Problem statement: Beneath this line sits some data. Return only its lines from the one holding "On the ground" through the one holding "中年妈妈上衣五分袖 针织衫 小香风V领黑色简约大码 女2025秋季 中袖", inclusive, exactly, with the images removed.

# # # # #

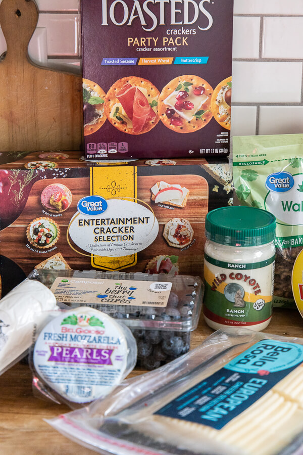This dinner party was made a lot easier by some of the products I was able to use from Walmart. I made a list of all the things I wanted to use on the board and then went shopping. This can be made even easier by ordering your groceries online and picking them up. This is how I always do my grocery shopping. It saves me tons of time and even money! I find I spend way more in the store haha. Here are some of the items I got for this dinner. The great thing is that we use these all on a daily basis so if it doesn’t get used for the dinner party, they will most definitely get eaten anyways.
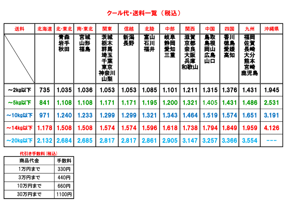 ※20kgを超える送料につきましては、お問合せください。
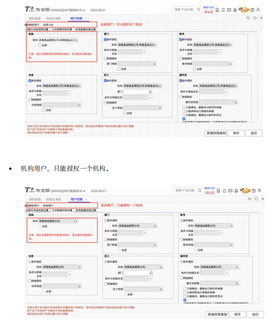 总部用户,在公共数据权限中,可以授权多个机构。
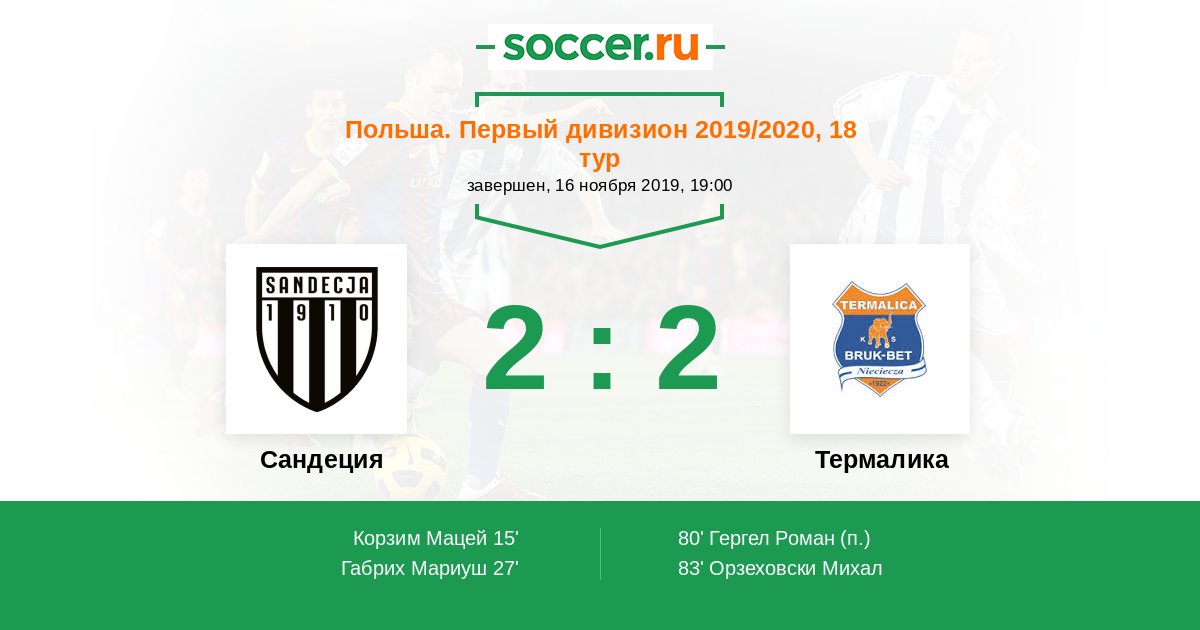 Протокол матча Сандеция против Термалика
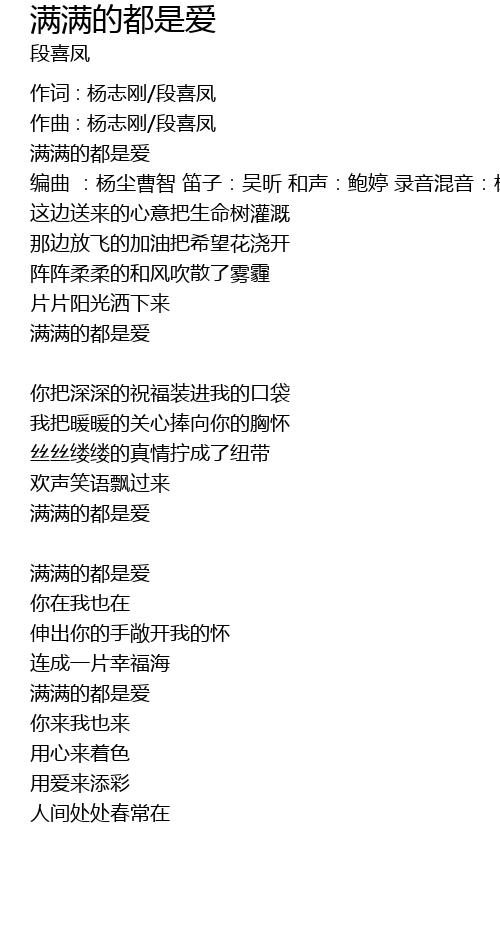 | 作词 : 杨志刚/段喜凤 | |
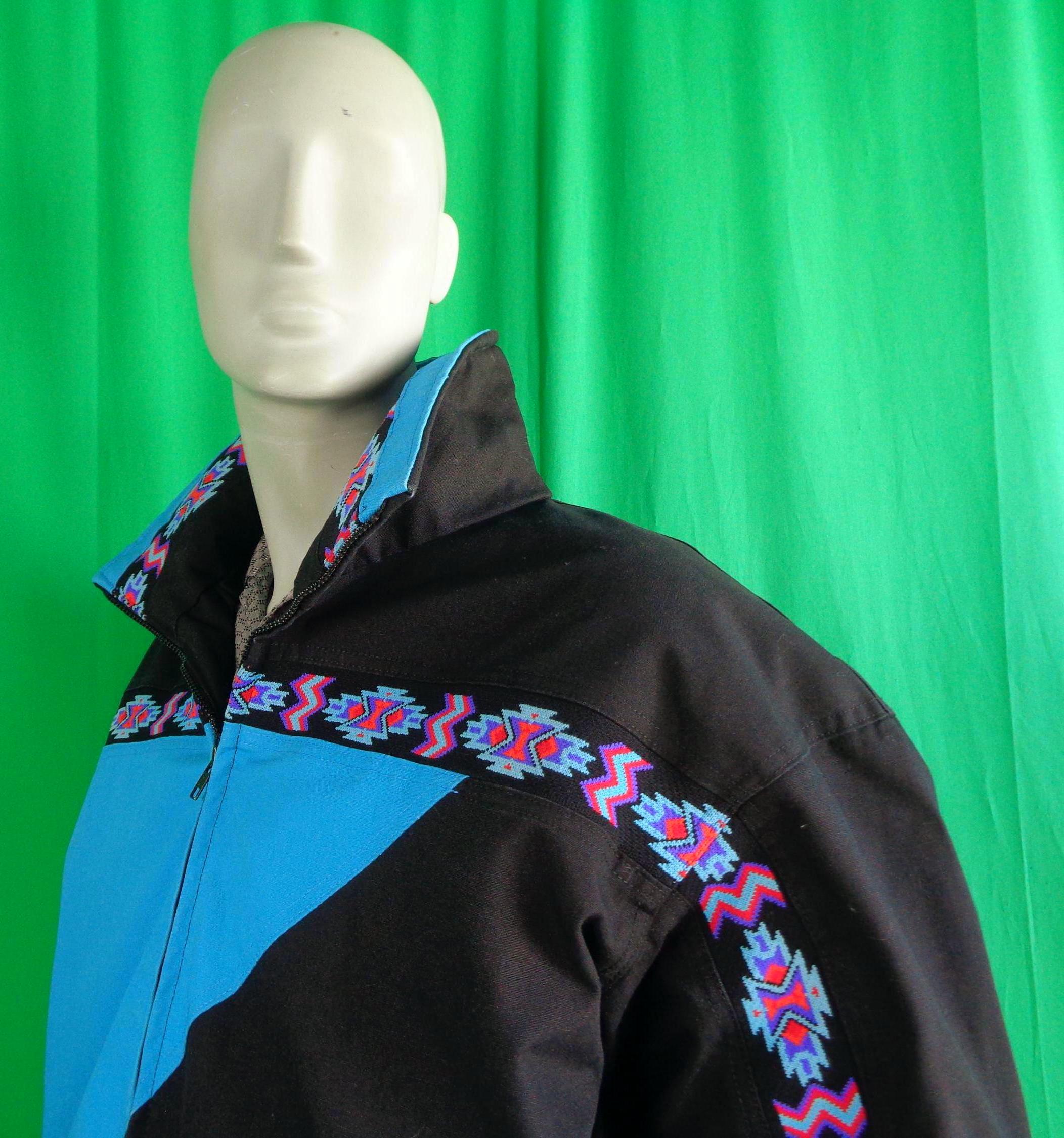 Features a sturdy front zipper, pop thick collar, 2 side pockets, well made structure, lightly textured material, fabric throughout! Great compliment piece!
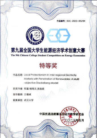 研究生代表队的参赛作品《Local Protectionism in lnter-regional Electricity Markets with Penetration of Renewables: A Multi-objective Stackelberg Model》经通讯评审、专家会评和汇报答辩三个阶段的选拔,最终脱颖而出,获得全国特等奖,展现出海棠书屋
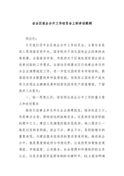 【七哥公文】2025年:在全区政企分开工作动员会上的讲话提纲+更多免费公文+VX:QiGeGongWen2024
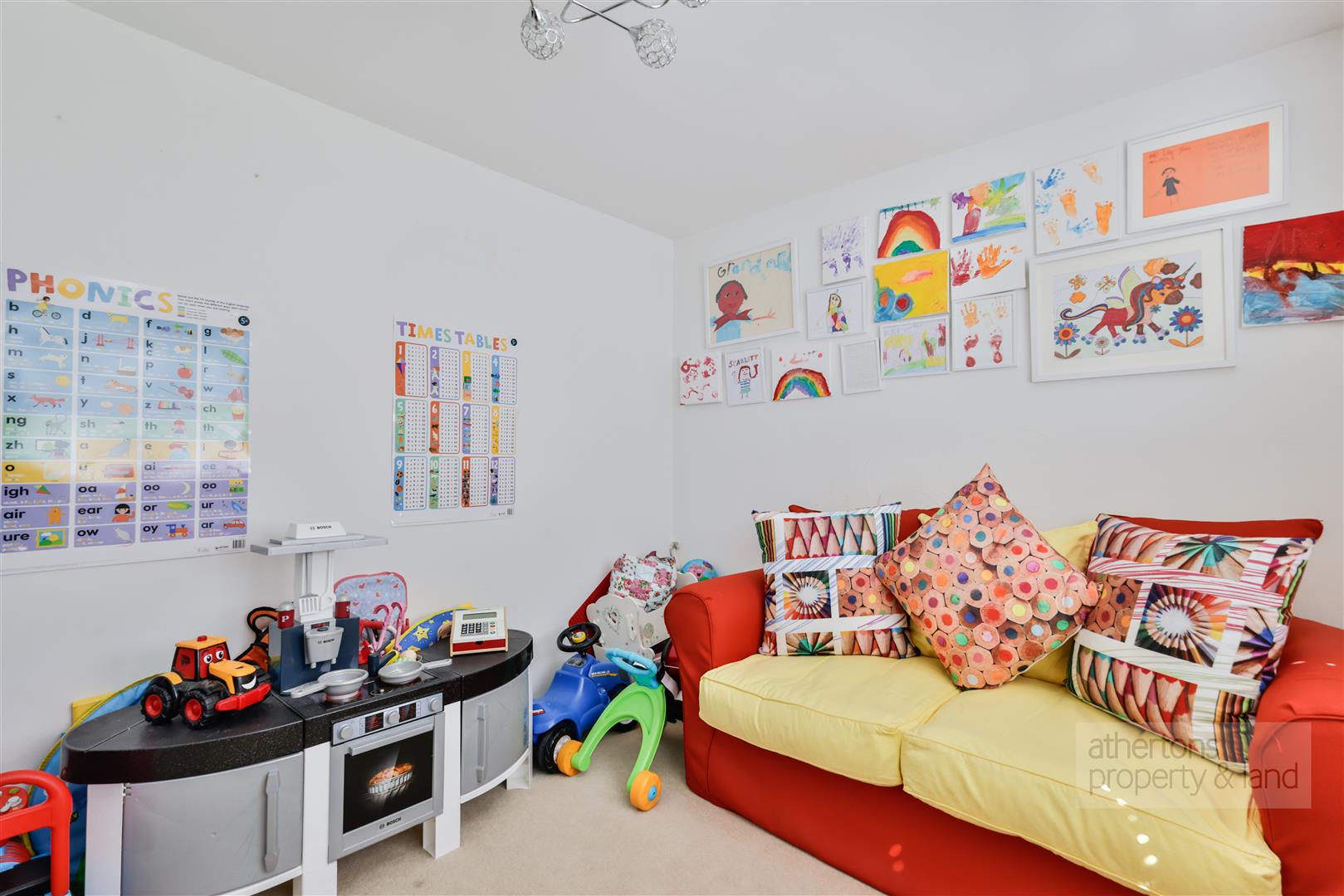 On the ground floor, a welcoming entrance vestibule leads into a spacious hallway, from which several well-sized reception rooms extend, along with a staircase to the first floor. At the front of the property, a cosy playroom—ideal for children—and a modern three-piece tiled shower room provide flexible accommodation suited to modern family life.
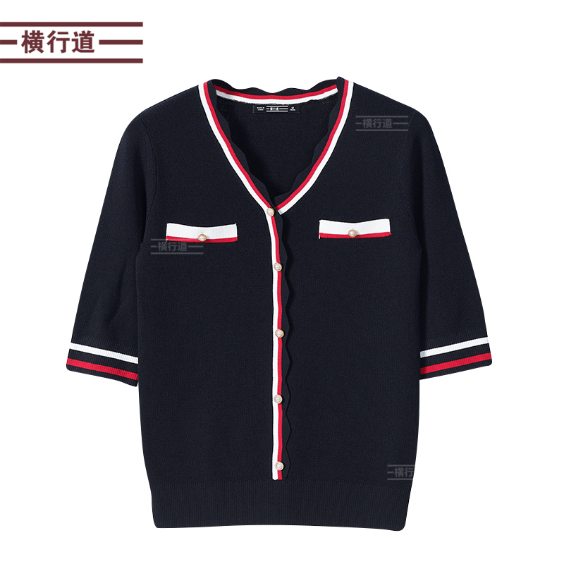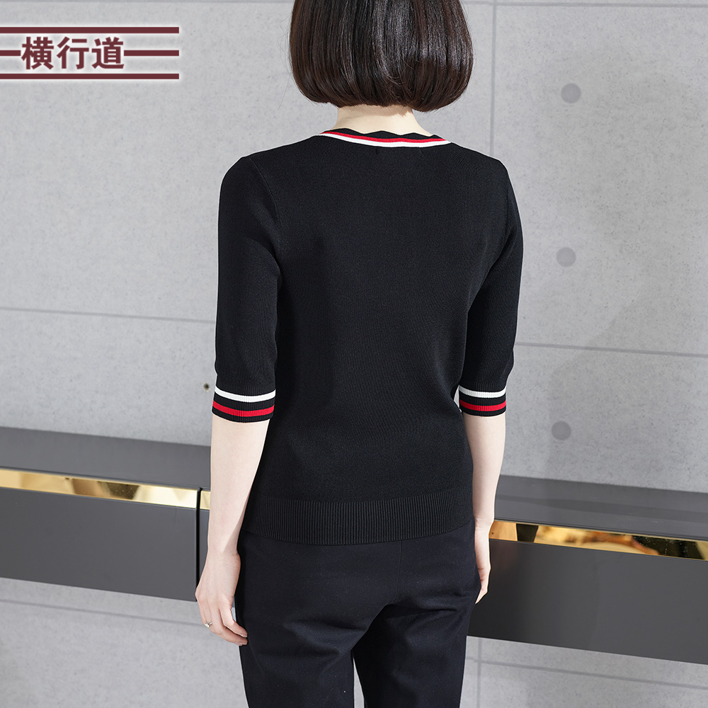 中年妈妈上衣五分袖 针织衫 小香风V领黑色简约大码 女2025秋季 中袖
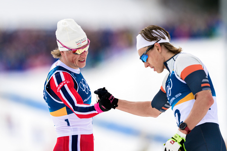 Савелий Коростелев выступал чуть увереннее: в скиатлоне он стал четвертым, а в марафоне — пятым. Но до медалей всегда чего-то не хватало. В субботу на последней гонке Коростелев отдал почести великому Клэбо. «Надо потренироваться», — подписал эту фотографию Савелий у себя в соцсетях. Еще раз напомним: Йоханнес выиграл 6 золотых медалей за одну Олимпиаду! (Фото: Maxim Thore, Keystone Press Agency, globallookpress.com)

# # # # #

Exercise output:
 On the ground floor, a welcoming entrance vestibule leads into a spacious hallway, from which several well-sized reception rooms extend, along with a staircase to the first floor. At the front of the property, a cosy playroom—ideal for children—and a modern three-piece tiled shower room provide flexible accommodation suited to modern family life.
 中年妈妈上衣五分袖 针织衫 小香风V领黑色简约大码 女2025秋季 中袖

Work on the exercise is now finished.